The facts are as follows:
Petitioner Paz Samaniego-Celada was the first cousin of decedent Margarita S. Mayores (Margarita) while respondent was the decedent's lifelong companion since 1929.
On April 27, 1987, Margarita died single and without any ascending nor descending heirs as her parents, grandparents and siblings predeceased her. She was survived by her first cousins Catalina Samaniego-Bombay, Manuelita Samaniego Sajonia, Feliza Samaniego, and petitioner.
Before her death, Margarita executed a Last Will and Testament[3] on February 2, 1987 where she bequeathed one-half of her undivided share of a real property located at Singalong Manila, consisting of 209.8 square meters, and covered by Transfer Certificate of Title (TCT) No. 1343 to respondent, Norma A. Pahingalo, and Florentino M. Abena in equal shares or one-third portion each. She likewise bequeathed one-half of her undivided share of a real property located at San Antonio Village, Makati, consisting of 225 square meters, and covered by TCT No. 68920 to respondent, Isabelo M. Abena, and Amanda M. Abena in equal shares or one-third portion each. Margarita also left all her personal properties to respondent whom she likewise designated as sole executor of her will.

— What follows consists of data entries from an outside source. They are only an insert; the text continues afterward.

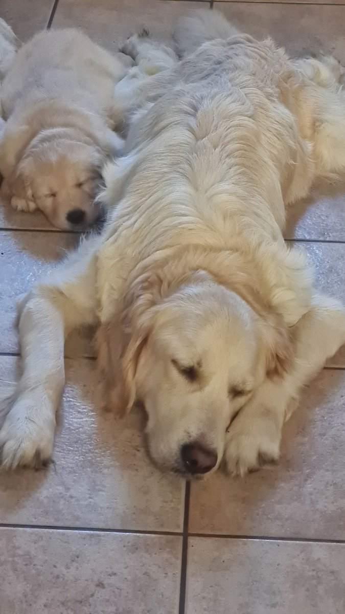 About the parents: Mum is Golden Retriever KC registered. This is her first litter and she is devoted, gentle mother. She is excellent with children and other animals and comes from a three generation pedigree.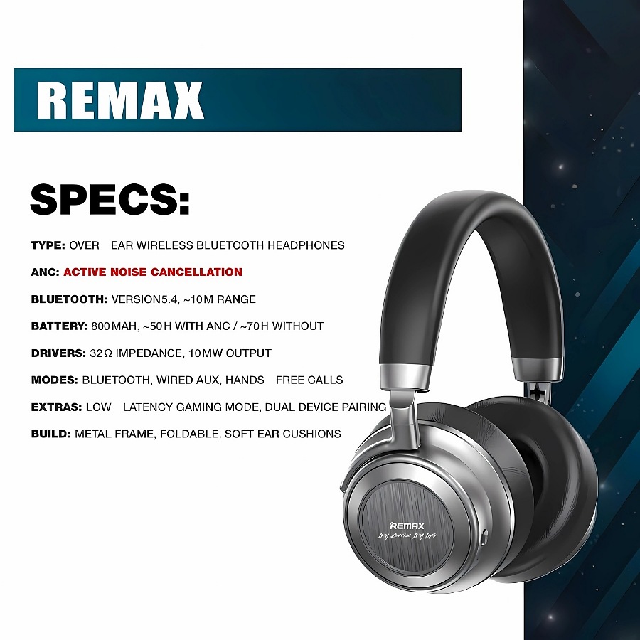 Remax RB headset, clear and pure sound, comfortable to wear and soft, good noise isolation,Bluetooth 5.4, can connect two devices in same time.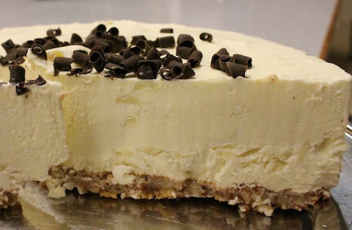 Denne isdessert har jeg lært at lave af min svigerinde – hun har lavet den til alle vores børns konfirmationer og den er bare god. En rigtig lækker vanilie-flødeis med masser af chokoladestykker i, og så på en skøn mandelbund.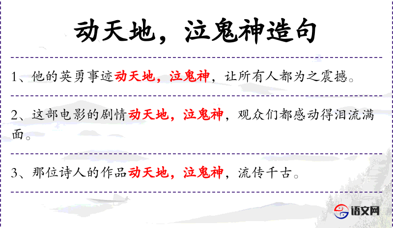 - 泣鬼神:形容作品感人至深,连鬼神都会为之动容。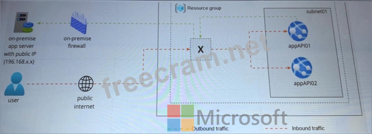 Your company is designing an application architecture for Azure App Service Environment (ASE) web apps as shown in the exhibit. (Click the Exhibit tab.)

On August 11, 1987, petitioner filed a petition for letters of administration of the estate of Margarita before the RTC of Makati. The case was docketed as SP Proc. No. M-1531.
On October 27, 1987, respondent filed a petition for probate of the will of Margarita before the RTC of Makati. The case was docketed as SP Proc. No. M-1607 and consolidated with SP Proc. No. M-1531.
On March 2, 1993, the RTC rendered a decision declaring the last will and testament of Margarita probated and respondent as the executor of the will. The dispositive portion of the decision states:
In view of the foregoing, judgment is hereby rendered:
Petitioner, in her Memorandum,[7] argues that Margarita's will failed to comply with the formalities required under Article 805[8] of the Civil Code because the will was not signed by the testator in the presence of the instrumental witnesses and in the presence of one another. She also argues that the signatures of the testator on pages A, B, and C of the will are not the same or similar, indicating that they were not signed on the same day. She further argues that the will was procured through undue influence and pressure because at the time of execution of the will, Margarita was weak, sickly, jobless and entirely dependent upon respondent and her nephews for support, and these alleged handicaps allegedly affected her freedom and willpower to decide on her own. Petitioner thus concludes that Margarita's total dependence on respondent and her nephews compelled her to sign the will. Petitioner likewise argues that the Court of Appeals should have declared her and her siblings as the legal heirs of Margarita since they are her only living collateral relatives in accordance with Articles 1009[9] and 1010[10] of the Civil Code.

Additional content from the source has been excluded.